In my previous blog post, I described the production of two interviews; with Sir David Omand and Francis Clarke.
I’ve now reached a point where all interview footage, flat and 360º, have been imported in Final Cut Pro X ready for editing. With other commitments, I haven’t spent as much time editing these as I’d originally hoped, however I have reviewed all the footage collected and started to note time-codes of interest.
Interview from last week, talking about privacy rights in the age of state surveillance with Francis Clarke of Open Rights Group • #interview #journalist #camera #privacyrights #campaigngroups #statesurveillance #privacysecurity #investigatorypowersact #camera #canon #hfg25 #deadcat #rodemic #thetas #360camera #openrightsgroup #Birmingham #bw #blackandwhitephoto
While I haven’t worked on the coded side of my project this week, I have spent time thinking about the overall presentation of the project. To make the most of the three, or four, different formats I’m using, I am going to need to tailor the video to each of them – in both content and presentation.

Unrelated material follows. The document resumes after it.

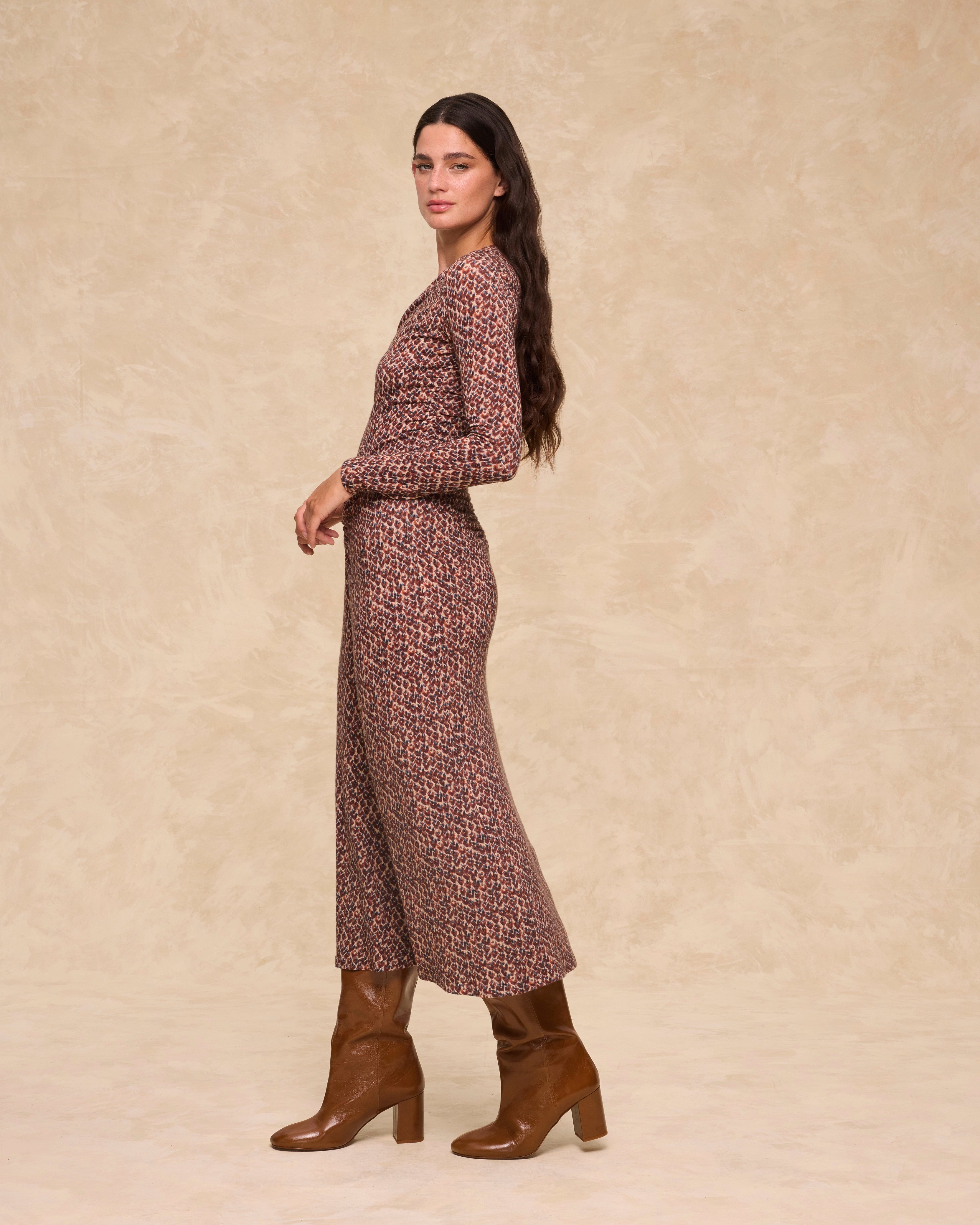 The Marissa Skirt moves fluidly with every step, designed with a ruched centre seam that flatters the waist before flowing into a soft midi hem. Its tonal rust print adds depth and texture, perfect for both refined coordination or effortless contrast.

This is something I picked up on at the very start of the episode of Click I wrote about in an earlier blog post where Spencer Kelly offers a guide on ‘how to view this video’ for the viewer, giving instruction on rotating a mobile device or using ‘click and drag’ controls on a computer.
Thinking about the format I am working on in CodePen, it may not be immediately obvious that the viewer can see additional content. This prompted the idea, similar to what Spencer Kelly did, where by I give an explanation into what the buttons below the main video player do. Including this introduction into the video would make no sense to anybody watching on Thinglink, in virtual reality, or a flat video without interactivity – and vice-versa. Already, I have established a need for four alternate introductions.

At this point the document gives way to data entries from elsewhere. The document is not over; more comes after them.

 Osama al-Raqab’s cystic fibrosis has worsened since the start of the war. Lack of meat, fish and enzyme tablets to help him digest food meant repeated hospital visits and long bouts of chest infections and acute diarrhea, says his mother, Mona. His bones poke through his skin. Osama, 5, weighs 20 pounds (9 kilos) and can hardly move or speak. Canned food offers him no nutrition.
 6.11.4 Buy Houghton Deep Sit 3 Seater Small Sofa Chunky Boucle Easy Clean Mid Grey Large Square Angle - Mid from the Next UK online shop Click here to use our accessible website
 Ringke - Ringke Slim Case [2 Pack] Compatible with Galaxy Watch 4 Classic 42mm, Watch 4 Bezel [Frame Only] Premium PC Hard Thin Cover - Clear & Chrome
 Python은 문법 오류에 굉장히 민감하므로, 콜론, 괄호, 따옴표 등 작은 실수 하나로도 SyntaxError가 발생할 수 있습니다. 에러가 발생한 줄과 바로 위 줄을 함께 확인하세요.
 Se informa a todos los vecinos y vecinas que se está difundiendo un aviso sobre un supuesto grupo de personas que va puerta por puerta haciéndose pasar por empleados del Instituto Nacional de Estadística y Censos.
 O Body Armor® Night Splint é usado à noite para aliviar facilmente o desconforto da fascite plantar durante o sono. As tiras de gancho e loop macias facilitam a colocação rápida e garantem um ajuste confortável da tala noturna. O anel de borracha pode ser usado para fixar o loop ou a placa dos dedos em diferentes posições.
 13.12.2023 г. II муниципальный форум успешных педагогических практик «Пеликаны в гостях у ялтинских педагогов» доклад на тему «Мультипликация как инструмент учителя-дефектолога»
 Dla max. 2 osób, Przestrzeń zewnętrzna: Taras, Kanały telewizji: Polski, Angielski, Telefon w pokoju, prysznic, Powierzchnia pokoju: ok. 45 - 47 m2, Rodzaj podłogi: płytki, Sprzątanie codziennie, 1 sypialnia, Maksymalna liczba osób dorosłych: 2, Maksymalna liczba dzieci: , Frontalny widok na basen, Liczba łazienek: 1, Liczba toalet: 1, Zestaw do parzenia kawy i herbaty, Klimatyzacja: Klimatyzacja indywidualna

In order to have four alternate introductions, I would need to film and produce four individual intro pieces, with different language and style that is appropriate for the platform it’s being used for. This in turn means the video will be exported four times.
Due to the disappointing results of the 360º camera, I have been hesitant about producing the fourth video for virtual reality. The hesitation is the quality, and positioning, but my inclination to continue with it is based on the need for experimentation and a product to analyse – rather than basing my research on a format that was only half explored. If I was to continue, however, this would mean spending a significant amount of time preparing content, filming, and producing graphics, so that it can be viewed comfortably in 360º.

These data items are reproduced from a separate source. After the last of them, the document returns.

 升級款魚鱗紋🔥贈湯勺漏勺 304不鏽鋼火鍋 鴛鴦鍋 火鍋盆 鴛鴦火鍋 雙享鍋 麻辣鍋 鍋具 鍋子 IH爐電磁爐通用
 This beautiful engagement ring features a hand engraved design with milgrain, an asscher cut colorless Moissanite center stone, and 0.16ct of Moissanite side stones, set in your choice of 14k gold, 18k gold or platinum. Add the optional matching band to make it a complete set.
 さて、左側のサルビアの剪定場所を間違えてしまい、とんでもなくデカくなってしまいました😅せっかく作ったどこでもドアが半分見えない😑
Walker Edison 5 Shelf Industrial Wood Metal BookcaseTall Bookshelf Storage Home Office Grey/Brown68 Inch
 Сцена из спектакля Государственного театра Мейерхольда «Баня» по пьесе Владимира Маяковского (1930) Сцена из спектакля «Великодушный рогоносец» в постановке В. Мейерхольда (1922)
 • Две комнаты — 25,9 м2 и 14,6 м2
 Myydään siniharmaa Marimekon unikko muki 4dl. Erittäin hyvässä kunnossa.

With all this in mind, I have referred back to the shooting script to make sure I make the most of the different elements I am hoping to use. Where a typical shooting script would consist of script, video, audio, and duration, I have instead needed to separate my script into four different versions, for each format. The interactive formats now include a column for interactivity, with details of what element will appear and for how long.
One of the difficulties here is that I am still yet to create a working ‘show/hide’ function on my own coded version where the buttons appear at a set video playback time. I am taking a small gamble by continuing with the script, and interactive plan, that links to a video with a level of interactivity I have not yet produced. If I do not succeed with producing the code as it needs to be, I may have to go back and re-film an introduction sequence, or any voiceovers, in order to give the correct context. This is a risk I am willing to take, as once I have edited the interview clips, I can not continue without this content.
As for the 360º video, there would not be the same type of interaction: Thinglink offer the interactivity I am already using as a feature on 360º video for premium users on a higher plan to what I am already a member of. Without subscribing to the extended features, I am limited to just the video on its own without buttons. In a test 360º video I have found that on-screen graphics, and the overall presentation, will need some additional attention to what I’m used to with flat video, and so I have begun scripting other content to reflect this. What was interesting in Click, was how Spencer Kelly walked around the camera, emphasising the 360º format. This is something I may explore in the introduction of the fourth format, and any PTC filmed specifically for it.
In the meantime, I will continue to pursue further interviews and will begin to arrange studio bookings to film over the next few days.